Precisely what kind of study schedule did you use while earning your undergraduate and your graduate degrees?
 
  • #4
mathwonk said:
there are no tricks, math is just hard.

that's silly. whether you know it or not you employ heuristics to assimilate new knowledge. whether it be diagramming a proof, comparing it something you already know, or getting lots of experts perspectives on the thing.
 
  • #5
mathwonk said:
there are no tricks, math is just hard.

"There is no royal road to geometry."Really, that applies to most things. If there was an obvious way to do it that was much easier, we would already be using it (although there are plenty of careers to be made in education by finding ways to improve!). Find the study methods that suit you best, develop good habits, and practice, practice, practice. This is the only real thing to do. Don't forget to get help if you're stuck instead of just staring at it getting frustrated - between the professor, any TAs, study groups, random classmates, campus study centers...if you run into a wall, don't stop until you tear it down, but don't sit there doing nothing but telling yourself what a huge wall it is either.
 
  • #6
For an abstract theorem, see what the theorem tells you in the simplest cases. Usually, the result it expresses will be intuitively (trivially) true. This helps gaining an intuitive idea of the theorem and then the mind can set that theorem aside and move on.

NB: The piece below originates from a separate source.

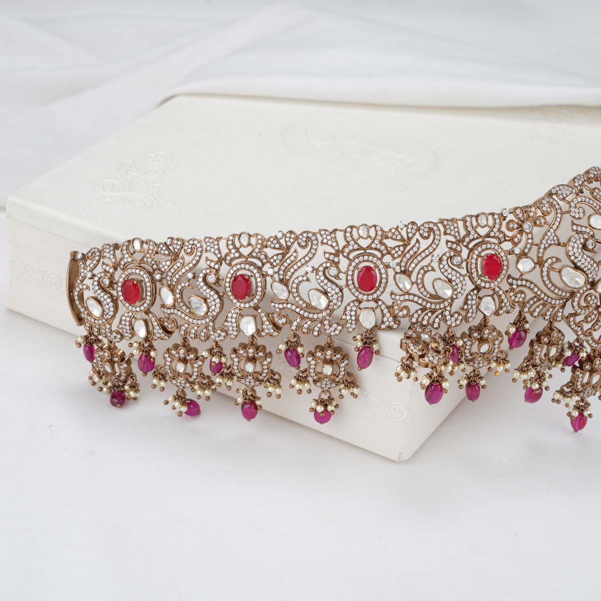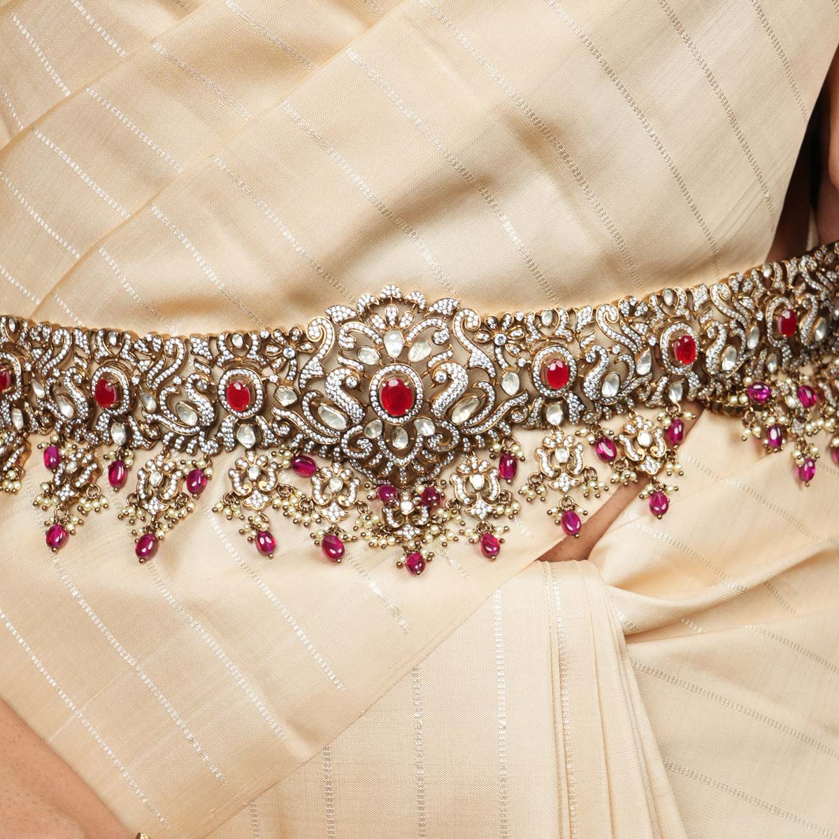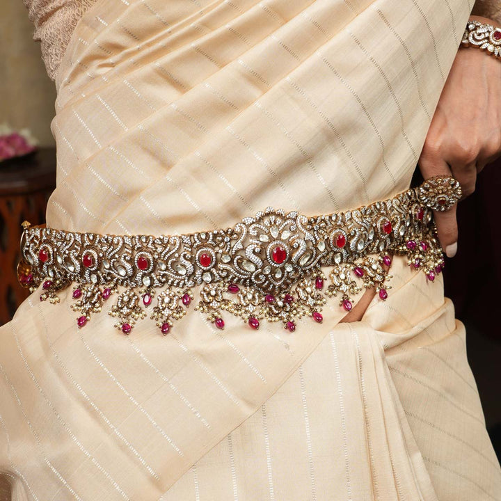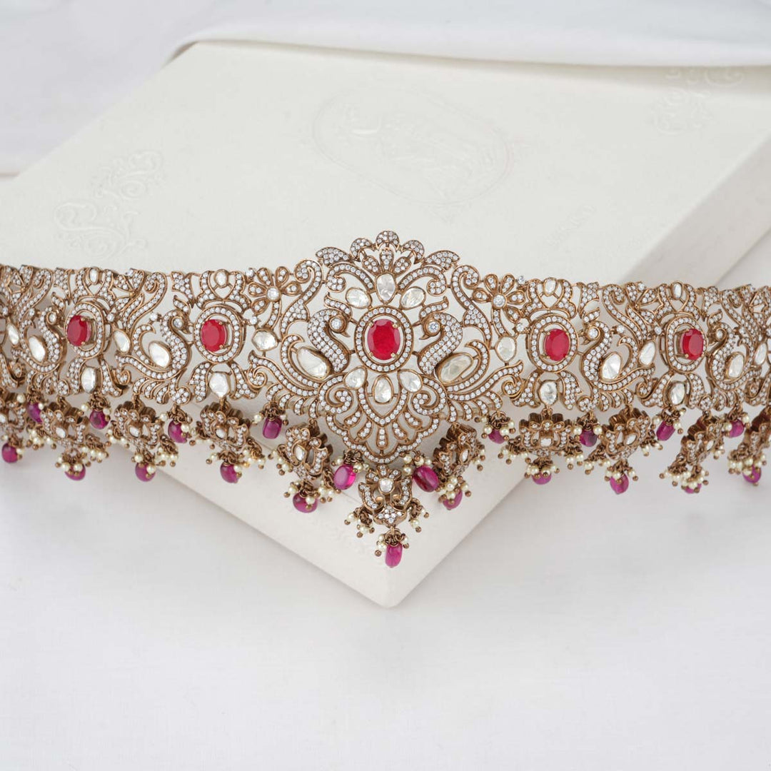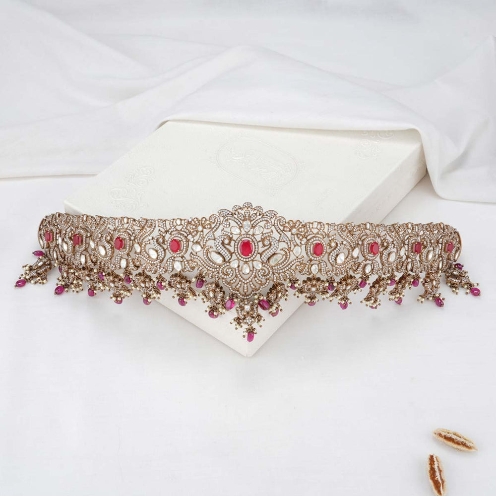92.5 Silver, Victorian Oddiyanam studded with Gem Stones and Pearl Beads.

For instance the implicit fct theorem is this weird thing but see what it says about fonctions in R^2.
 
  • #7
Precisely. I don't think mathwonk was saying that there's no such thing as study habits, just that there's also not some mathemagical transcendental meditation routine that makes math easy. The whole "zone" thing is a load of crap. The mind has good days, sometimes it has bad days, but you should be working your *** off everyday.
 
  • #8
1) Try to think up concrete examples and special cases.
2) Try to find counterexamples. Even though you will fail, this will help understanding.
3) Relax the conditions a little and try to find counterexamples.
4) Attempt to relate it to other things by using analogies.
5) Work problems, and when you are done stop for a minute and reflect on what you've done. Could you use the same strategy on other problems? What properties of the mathematical objects were key, and which were unneeded? Look back and see if you could have seen the answer at a glance.
6) Read from multiple sources on the same topic.
7) If you've done all this and the intuition is still lacking, put a little question mark (?) in your mind next to the topic, and move on. Sometime later when you have learned more, it may make sense.
8) When you learn something new, always be looking to use what you learned to fill in those old question marks (?) in other topics.
 
  • #9
Math is indeed hard, mathwonk. I suppose one cannot substitute for intrinsic ability.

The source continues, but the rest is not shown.